Input.
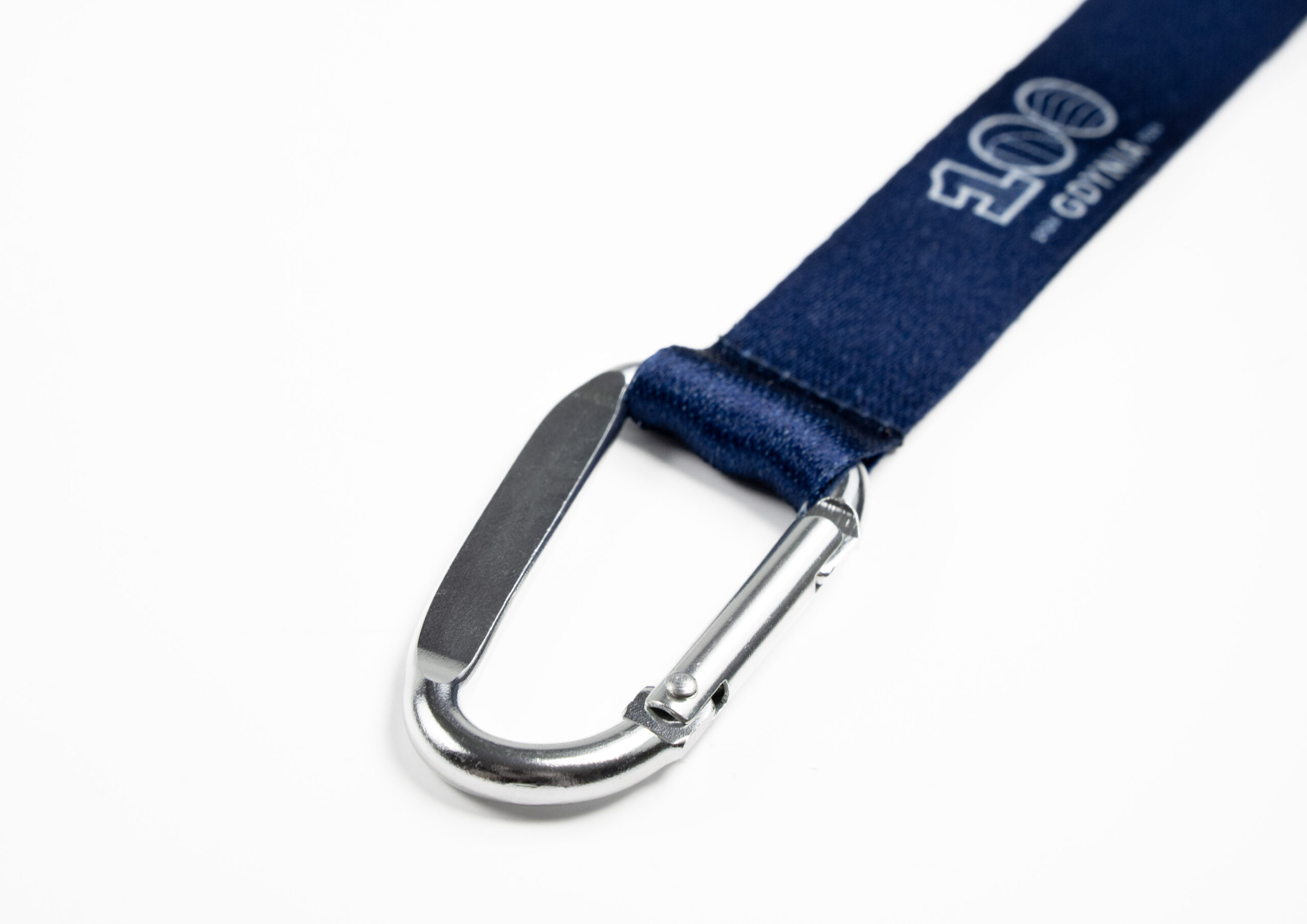 Granatowa krótka smycz-brelok z nadrukiem logo 100-lecia miasta Gdyni.
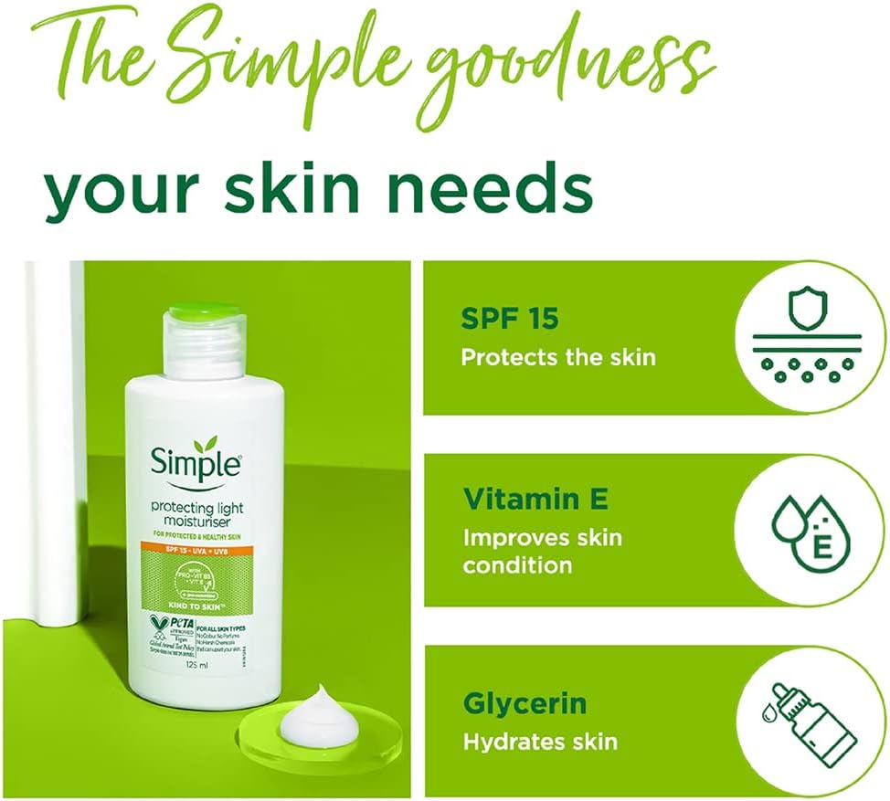 • Simple Kind To Skin Protective Lightweight Moisturizer hydrates skin for up to 12 hours and has SPF 15 protection against UVA and UVB rays.
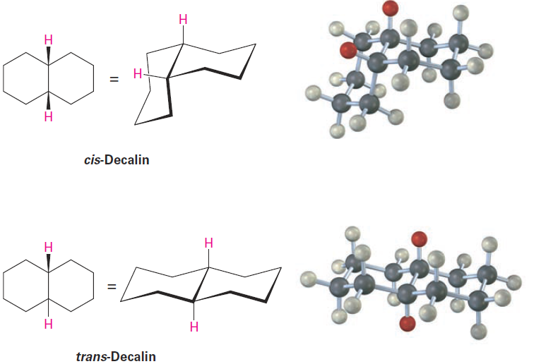 Decalin consists of two cyclohexane rings joined to share two carbon atoms (the bridgehead carbons, C1 and C6) and a common bond. Decalin can exist in either of two isomeric forms, depending on whether the rings are trans fused or cis fused. In cis-decalin, the hydrogen atoms at the bridgehead carbons are on the same face of the rings; in trans-decalin, the bridgehead hydrogens are on opposite faces. Figure 1-1 shows how both compounds can be represented using chair cyclohexane conformations. Note that cis- and transdecalin are not interconvertible by ring-flips or other rotations. They are cis– trans stereoisomers and have the same relationship to each other that cis- and trans-1,2-dimethylcyclohexane have.
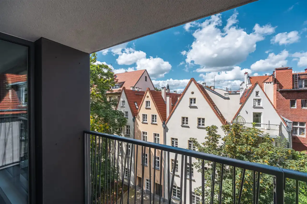 Nieruchomość usytuowana jest na 4. piętrze eleganckiej, 7-kondygnacyjnej kamienicy z 2020 roku z windą. Nowoczesna architektura z elementami stylu klasycznego doskonale wpisuje się w zabytkową zabudowę centrum Wrocławia. Budynek jest zadbany, z reprezentacyjnym wejściem i monitoringiem.
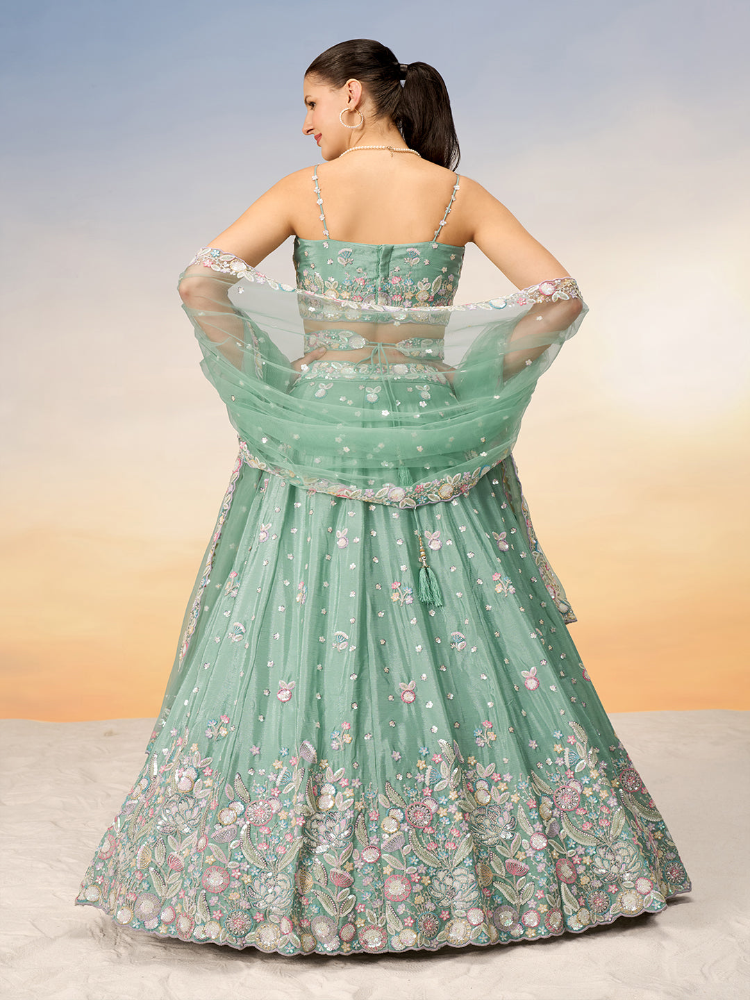Multi Color Chiffon Embroidered using Sequins,Thread & Coding Semi-Stitched Lehenga choli  women's fashion mart

Work instruction. Without the pictures, return the whole of the data exactly as given.

Response to this task.
 Granatowa krótka smycz-brelok z nadrukiem logo 100-lecia miasta Gdyni.
 • Simple Kind To Skin Protective Lightweight Moisturizer hydrates skin for up to 12 hours and has SPF 15 protection against UVA and UVB rays.
 Decalin consists of two cyclohexane rings joined to share two carbon atoms (the bridgehead carbons, C1 and C6) and a common bond. Decalin can exist in either of two isomeric forms, depending on whether the rings are trans fused or cis fused. In cis-decalin, the hydrogen atoms at the bridgehead carbons are on the same face of the rings; in trans-decalin, the bridgehead hydrogens are on opposite faces. Figure 1-1 shows how both compounds can be represented using chair cyclohexane conformations. Note that cis- and transdecalin are not interconvertible by ring-flips or other rotations. They are cis– trans stereoisomers and have the same relationship to each other that cis- and trans-1,2-dimethylcyclohexane have.
 Nieruchomość usytuowana jest na 4. piętrze eleganckiej, 7-kondygnacyjnej kamienicy z 2020 roku z windą. Nowoczesna architektura z elementami stylu klasycznego doskonale wpisuje się w zabytkową zabudowę centrum Wrocławia. Budynek jest zadbany, z reprezentacyjnym wejściem i monitoringiem.
Multi Color Chiffon Embroidered using Sequins,Thread & Coding Semi-Stitched Lehenga choli  women's fashion mart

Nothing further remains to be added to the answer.